Given our construction of the statute, the evidence here shows that the gun was not on or about Wise‘s person as required by section 24-1.1 when his vehicle was searched. Wise was driving the minivan when Trooper Shamblin stopped and searched the vehicle. During the search, Shamblin discovered a .357 Derringer hidden inside a glove. The firearm was located two rows or, as Shamblin testified, about 5 or 10 feet behind the driver‘s seat. Shamblin also testified that he did not believe it was possible for Wise to reach over and grab the gun from the driver‘s seat. Thus, at the time of the stop the gun was not “on or about [the] person” of the defendant.
For the foregoing reasons, we find that the State failed to prove Wise guilty beyond a reasonable doubt of unlawful possession of a weapon by a felon. Accordingly, we vacate his conviction. We need not address Wise‘s issue concerning his credit for time served, as this issue is dispositive of this appeal.
CONCLUSION
The judgment of the circuit court of Henry County is vacated.
Vacated.
JUSTICE CARTER, dissenting:
Applying a typical constructive possession analysis in this case, I would find that the State‘s evidence was sufficient to prove that defendant possessed the gun in question on or about his person. See Rangel, 163 Ill. App. 3d at 739-40 (upholding a defendant‘s conviction of unlawful use of a weapon by a felon where a gun was found on the driver‘s side floor of the vehicle the defendant had been driving); Jastrzemski, 196 Ill. App. 3d at 1039-40; Clodfelder, 172 Ill. App. 3d at 1032-34. The evidence showed that the gun was found inside a glove located on the third-row seat of the minivan defendant was driving and was approximately 5 to 10 feet away from the driver‘s seat of the van. Although defendant was allegedly not the owner of the van, he had been driving the van for some time, had control over the van, and admitted knowledge of the presence of the gun. It was for the trial court, as the trier of fact, to determine whether it believed the testimony of the alleged owner of the gun—that he had taken the gun into the vehicle with him for protection while he was running errands about a month earlier and had forgotten the gun in the vehicle. See Pollard, 2015 IL App (3d) 130467, ¶ 26. In this particular case, the trial court found that the alleged owner‘s testimony was not believable and ultimately concluded that defendant was in possession of the gun. I would affirm the trial court‘s ruling in that regard.

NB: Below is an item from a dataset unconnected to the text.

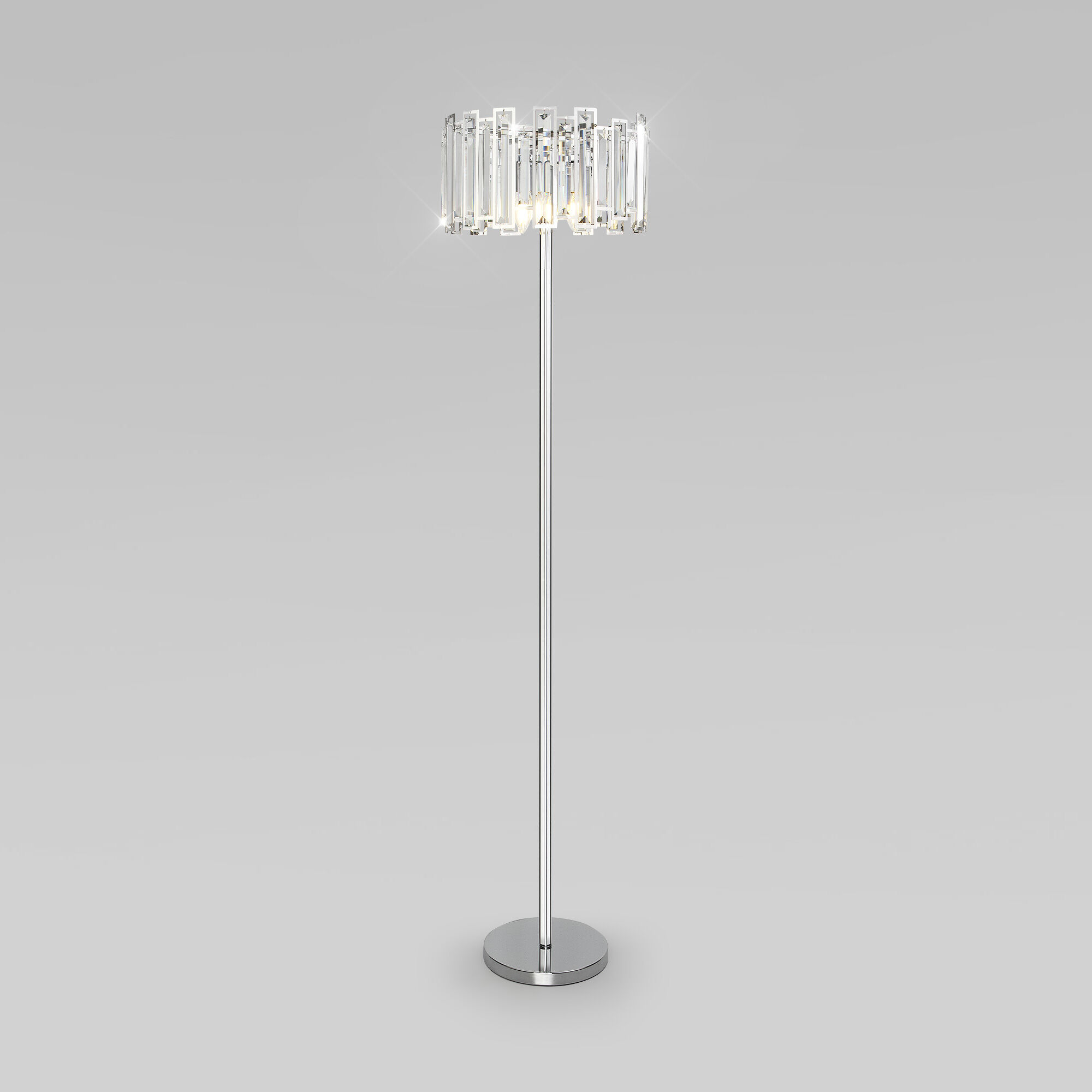 Торшер с хрусталем хром 01149/3 Strotskis - это стильный элемент светового дизайна в современных и классических интерьерах. Выразительный и современный торшер со сменными лампами E14 поможет создать качественное дополнительное освещение на площади 5 м² и станет изящным украшением вашей комнаты.

Decision Under Review: Appeal from the Circuit Court of Henry County, No. 15-CF-170; the Hon. Carol M. Pentuic, Judge, presiding.
Attorneys for Appellant: James E. Chadd, Peter A. Carusona, and Steven Varel, of State Appellate Defender‘s Office, of Ottawa, for appellant.
Attorneys for Appellee: Matthew Schutte, State‘s Attorney, of Cambridge (Patrick Delfino, Thomas D. Arado, and Gary F. Gnidovec, of State‘s Attorneys Appellate Prosecutor‘s Office, of counsel), for the People.